> PROBLEM DETAILS:
Below is a listing. Return the lines from the one that contains "PD-L1/VEGF 15个" to the one that contains "Lebak, Abydosonews.com –", both ends included, verbatim and with no pictures.

> SUPPLIED RECORDS:
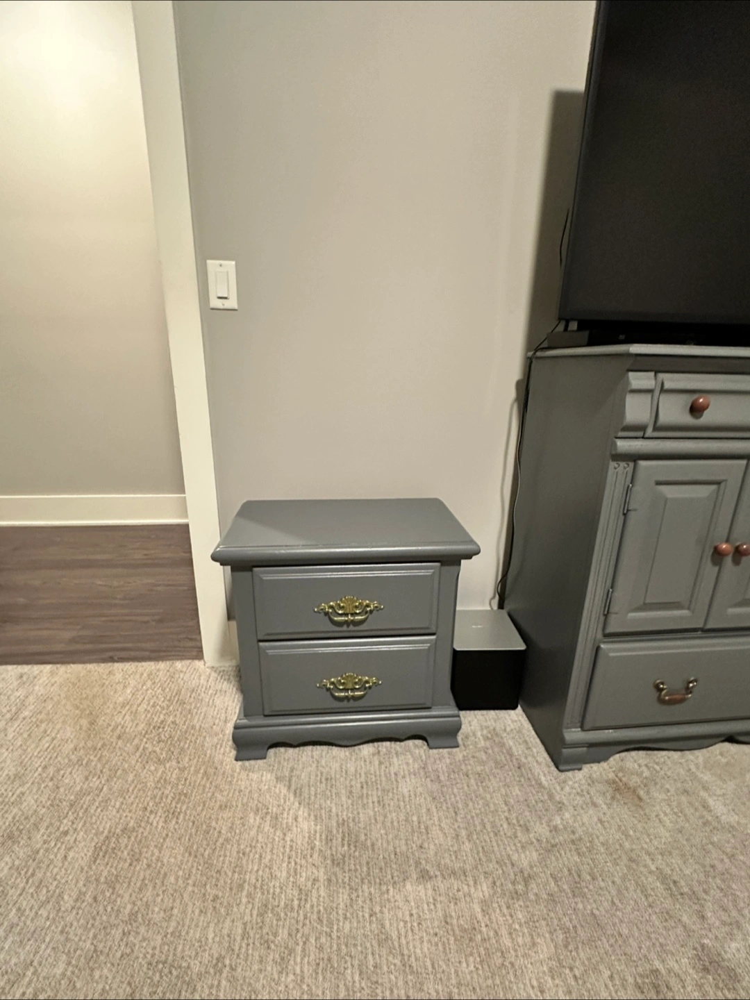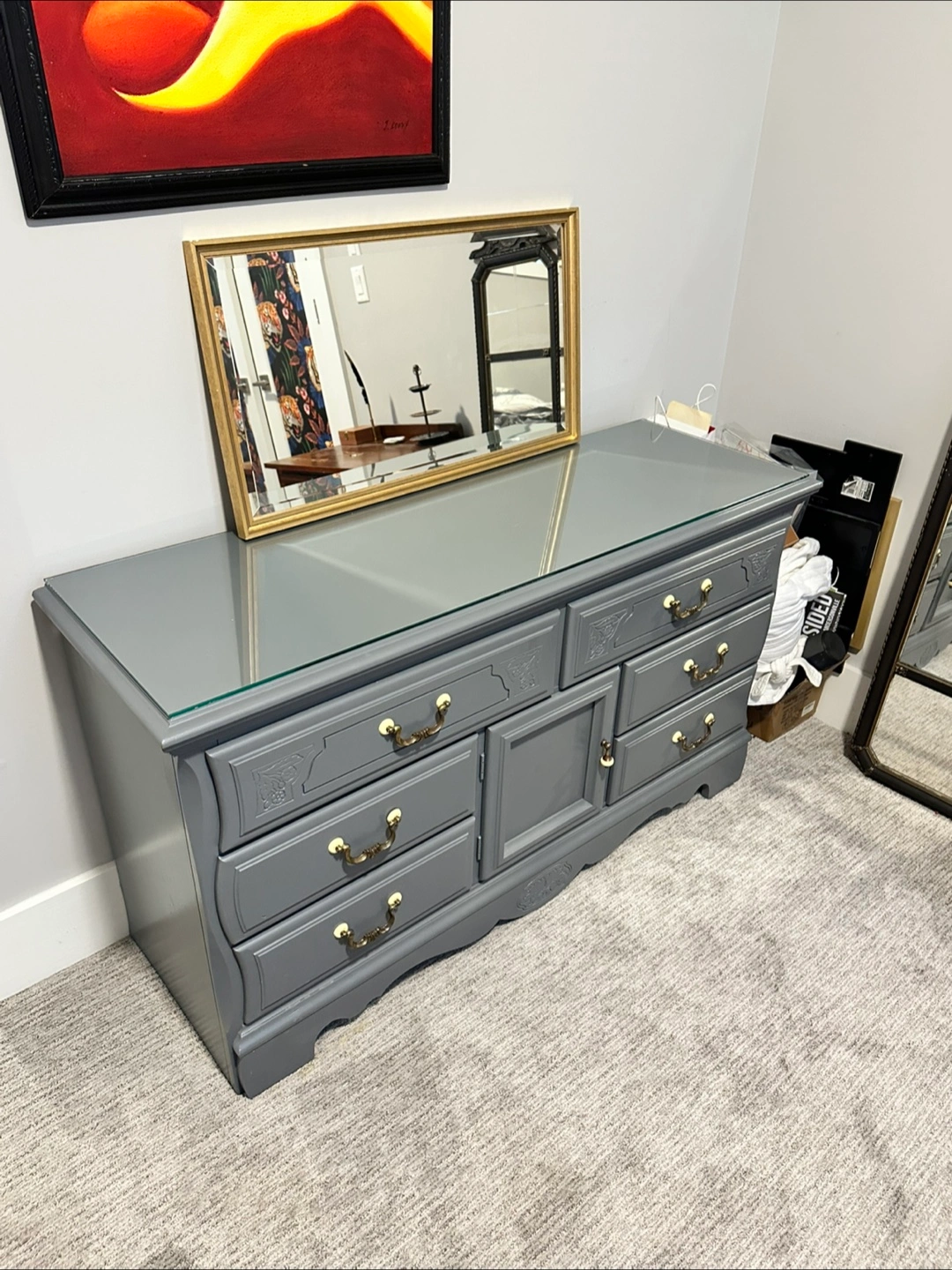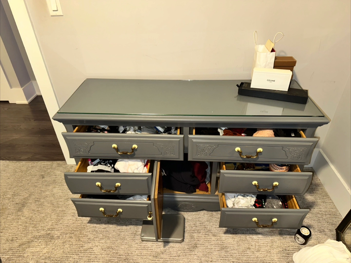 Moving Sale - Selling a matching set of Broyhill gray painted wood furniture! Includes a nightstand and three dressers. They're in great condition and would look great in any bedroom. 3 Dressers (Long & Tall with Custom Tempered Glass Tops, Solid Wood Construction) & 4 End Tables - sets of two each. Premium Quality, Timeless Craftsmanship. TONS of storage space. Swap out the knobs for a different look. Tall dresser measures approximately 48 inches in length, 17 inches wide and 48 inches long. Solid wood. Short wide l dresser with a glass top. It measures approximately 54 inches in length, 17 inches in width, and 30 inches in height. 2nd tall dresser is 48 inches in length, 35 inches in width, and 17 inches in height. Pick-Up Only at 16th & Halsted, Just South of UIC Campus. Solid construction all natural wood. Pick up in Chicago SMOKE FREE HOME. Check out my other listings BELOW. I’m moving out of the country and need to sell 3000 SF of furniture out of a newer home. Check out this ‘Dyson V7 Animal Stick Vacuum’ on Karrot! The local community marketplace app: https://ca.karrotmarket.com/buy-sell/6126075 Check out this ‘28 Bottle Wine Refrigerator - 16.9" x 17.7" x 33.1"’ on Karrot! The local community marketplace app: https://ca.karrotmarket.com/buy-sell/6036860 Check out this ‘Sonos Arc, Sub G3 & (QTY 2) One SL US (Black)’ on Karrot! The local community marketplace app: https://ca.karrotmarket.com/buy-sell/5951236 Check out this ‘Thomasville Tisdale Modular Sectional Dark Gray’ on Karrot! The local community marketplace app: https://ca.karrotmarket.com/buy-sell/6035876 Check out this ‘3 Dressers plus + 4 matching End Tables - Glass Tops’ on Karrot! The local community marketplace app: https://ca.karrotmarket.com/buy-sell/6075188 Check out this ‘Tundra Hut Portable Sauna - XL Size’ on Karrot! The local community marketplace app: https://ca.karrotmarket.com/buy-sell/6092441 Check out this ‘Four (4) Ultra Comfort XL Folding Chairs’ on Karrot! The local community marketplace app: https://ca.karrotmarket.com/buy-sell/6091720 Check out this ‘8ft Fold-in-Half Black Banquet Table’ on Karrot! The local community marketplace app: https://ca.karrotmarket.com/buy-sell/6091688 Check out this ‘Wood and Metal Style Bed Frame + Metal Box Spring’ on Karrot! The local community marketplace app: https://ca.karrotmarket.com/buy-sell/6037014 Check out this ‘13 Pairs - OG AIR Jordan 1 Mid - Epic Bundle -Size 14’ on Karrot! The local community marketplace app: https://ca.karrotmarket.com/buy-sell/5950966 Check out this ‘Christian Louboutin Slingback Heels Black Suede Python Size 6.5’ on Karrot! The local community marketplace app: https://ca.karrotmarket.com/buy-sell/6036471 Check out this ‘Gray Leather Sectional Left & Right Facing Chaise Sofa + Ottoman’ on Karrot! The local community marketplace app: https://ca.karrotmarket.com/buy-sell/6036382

==

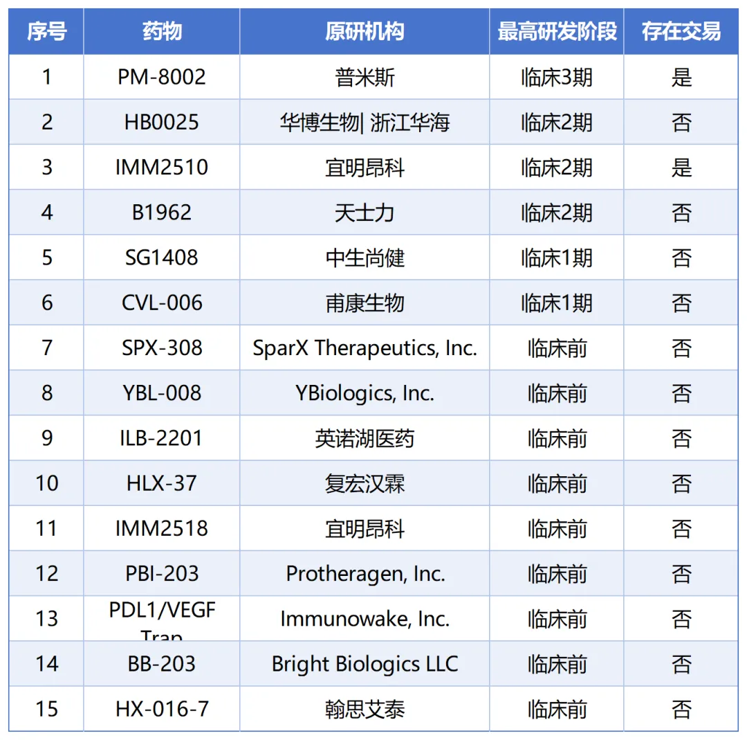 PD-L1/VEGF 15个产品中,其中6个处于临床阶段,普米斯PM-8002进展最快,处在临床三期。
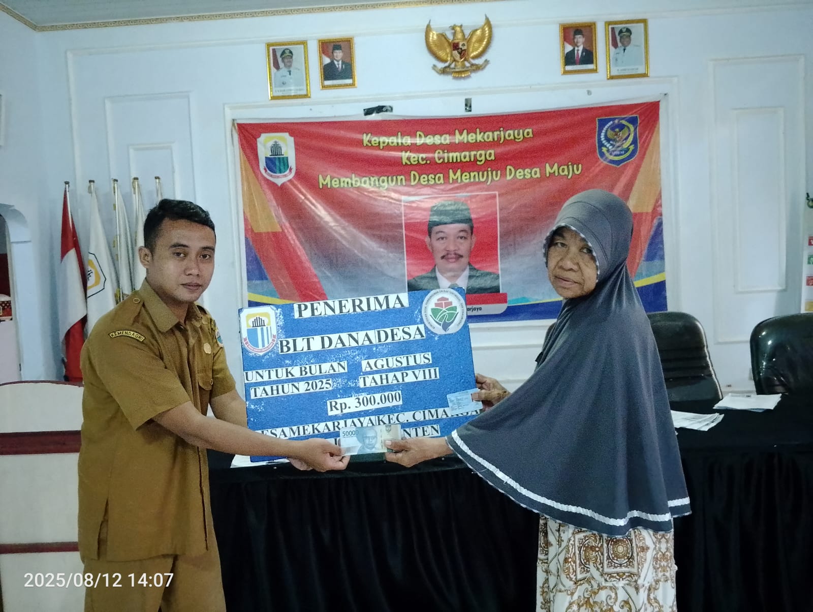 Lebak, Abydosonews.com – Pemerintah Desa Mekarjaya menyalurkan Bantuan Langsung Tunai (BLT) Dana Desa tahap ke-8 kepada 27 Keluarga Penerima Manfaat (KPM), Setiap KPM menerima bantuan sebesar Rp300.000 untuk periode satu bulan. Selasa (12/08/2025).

---

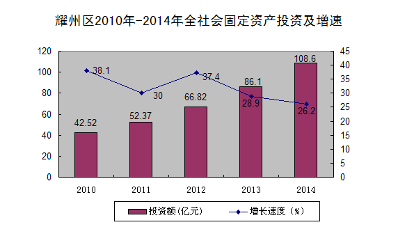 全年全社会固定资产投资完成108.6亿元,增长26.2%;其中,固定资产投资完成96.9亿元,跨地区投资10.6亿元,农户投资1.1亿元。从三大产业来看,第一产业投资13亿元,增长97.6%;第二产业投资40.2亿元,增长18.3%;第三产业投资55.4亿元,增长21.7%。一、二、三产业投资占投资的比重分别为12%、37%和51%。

> WRITTEN SOLUTION:
 PD-L1/VEGF 15个产品中,其中6个处于临床阶段,普米斯PM-8002进展最快,处在临床三期。
 Lebak, Abydosonews.com – Pemerintah Desa Mekarjaya menyalurkan Bantuan Langsung Tunai (BLT) Dana Desa tahap ke-8 kepada 27 Keluarga Penerima Manfaat (KPM), Setiap KPM menerima bantuan sebesar Rp300.000 untuk periode satu bulan. Selasa (12/08/2025).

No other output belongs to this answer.